No era, por tanto, raro que alguien tuviese
que pagar el pato, en este caso el gato. Y no es que diesen gato por liebre, que
abundantes unos y otras en La Mancha. Los perdedores de la guerra no tenían
permiso para tener escopeta y cazar liebres, conejos, perdices o codornices.
Utilizaban de manera clandestina lazos y cepos, siempre con la precaución de
que no les pillase la guardia civil. Recuerdo
que contaba mi padre que un día mi padre cazó dos liebres en La Montesina con
lazo, donde todavía mi familia tiene un trozo de monte, y la guardia civil se
las robaron y encima le pusieron una multa.
Los gatos
eran otra opción de comer carne, abundantes en pueblos y ciudades, no
resultaban fáciles de coger, a no ser que fuesen propios, y a esos se les
respetaba; pero siempre existía la oportunidad de pillarlos descuidados. Después de darles caza, se despellejaban, se
colgaban al raso para que se le ablandasen las carnes y se cocían durante horas
a fuego lento, y una vez tiernos se le añadía arroz o patatas y a matar el hambre,
después del gato y gracias a él.
Pedro y
Juan eran dos hermanos mellizos de poco más de ocho años. Su padre la noche de
antes había cazado un gato, que tras despellejarlo y tenerlo al relente durante
la noche, su madre puso en un puchero grande, con verduras y nabos, arrimándolo
a las ascuas y ceniza de paja, para que se fuese haciendo a fuego lento.
—Cuidar que
no se salga el caldo, para poder echar después el arroz.
—Madre, no
se preocupe usted. Nosotros cuidaremos bien del puchero.
—Me fío de
vosotros. Hoy comemos arroz con conejo.
Los dos hermanos,
sabían que era gato, pero el hambre provocaba en sus fosas nasales el más
delicioso aroma a conejo de campo, con aromas de romero, tomillo y espliego. Y cada vez que se acercaban a la lumbre a
arrimar ascuas, y destapar el puchero, el aroma del gato cocinado, cada vez resultaba
más concentrado y apetitoso. Pedro miraba a Juan, y Juan a Pedro, los dos al
puchero.
— ¿ Y sí.
..? —Se atrevió a hablar Juan, el menor en estatura, puesto que eran gemelos de
los hermanos.
—Pues yo
creo que… —insinuó Pedro. Sin que ninguno de los dos necesitase decir lo que
pensaba, tal vez porque dormían en el mismo colchón y además eran mellizos.
—Una
tajadilla de los riñones, no creo que se note mucho —apuntó Juan.
Ni cortos
ni perezosos se abalanzaron sobre el puchero, primero con prudencia, después
con ansia. Cuando se quisieron dar cuenta no quedaba ni rastro del gato.
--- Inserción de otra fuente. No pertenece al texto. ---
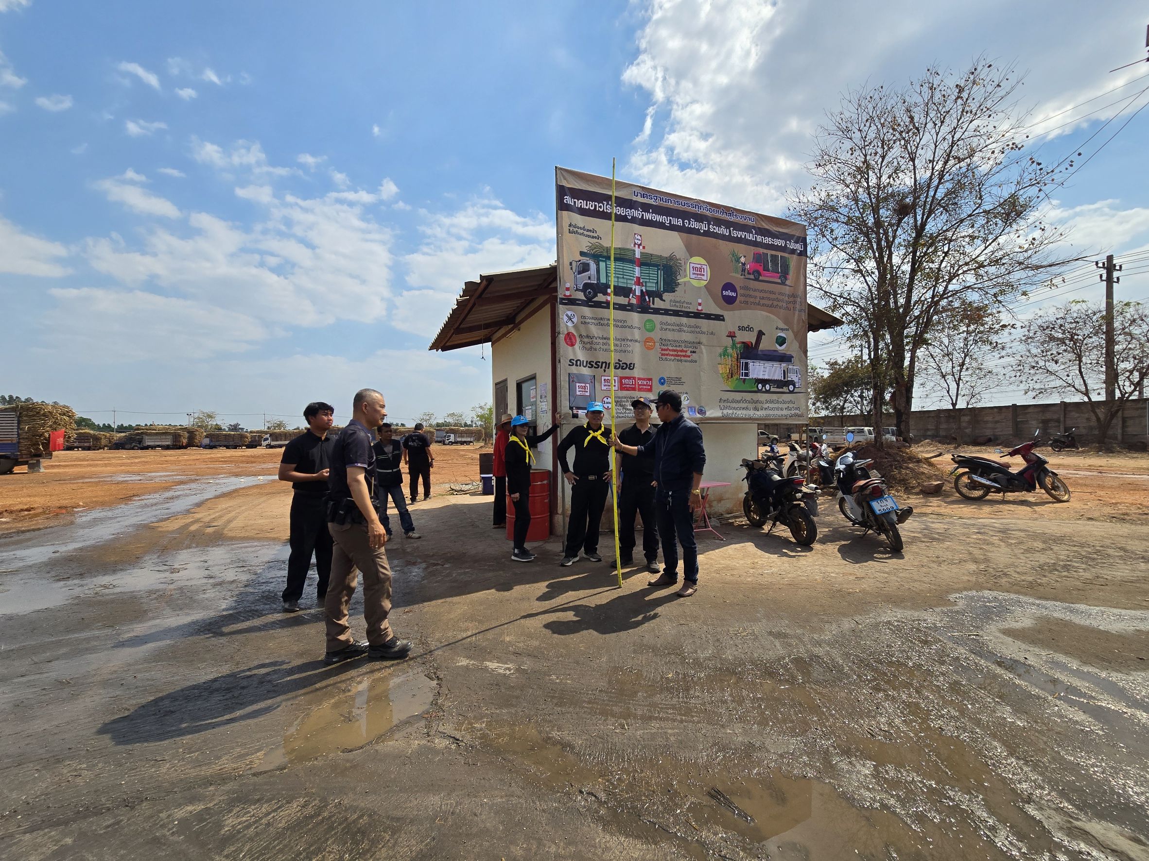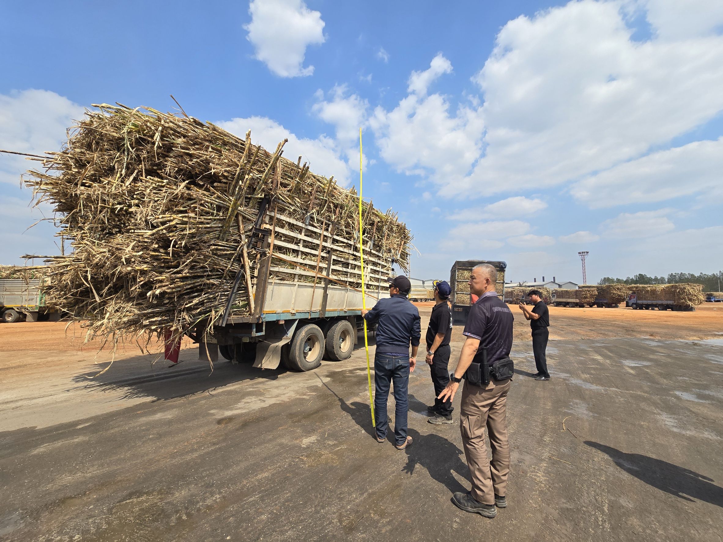 รับคำสั่งท่านผู้ว่า ลงพื้นที่โรงงานเพื่อตรวจสอบความเรียบร้อยและแนวทางการป้องกันของโรงงานเรื่องการบรรทุกอ้อยเข้าโรงงาน

Sólo
entonces, se percataron de la situación. Sus padres y hermanos cuando llegasen
del campo cansados no tendrían nada que comer aparte de caldo y las verduras.
— ¿Y ahora
qué? —Preguntó Juan, limpiándose la
barbilla.
—Pues no
sé. Como no cacemos el gato de Pascual,
que anda siempre detrás de nuestra gata…
Para que
decir más. Ambos hermanos pusieron manos a la obra, sin que les resultase
difícil atrapar el gato del vecino. Bien hermoso era, y contentos, tras arrearle
un fuerte estacazo, dándolo por muerto, sin despellejar ni nada, porque no
sabían, lo metieron en el puchero. El gato al notar el escaldado recupero el
conocimiento animal y de un salto salió
del puchero. Juan que tenía todavía el garrote en la mano, le dio tal garrotazo
en la cabeza, que dejó el gato panza arriba. De nuevo fue al puchero. No
parecía que el pobre animal estuviese del todo muerto y de vez en cuando, cada
vez con menos fuerzas intentaba salir del fuego.
—Que sale,
que sale, que se le ven los ojos… —gritaba Pedro.
Pero el
gato terminó por resignarse a ser escaldado y comido… El hambre es muy mala. Autentica
carrera al infierno, y su madre, después de cocido despellejó el gato. Y todos,
menos Pedro y Juan comieron arroz con conejo. Todos menos Pedro y Juan, que
estaban satisfechos.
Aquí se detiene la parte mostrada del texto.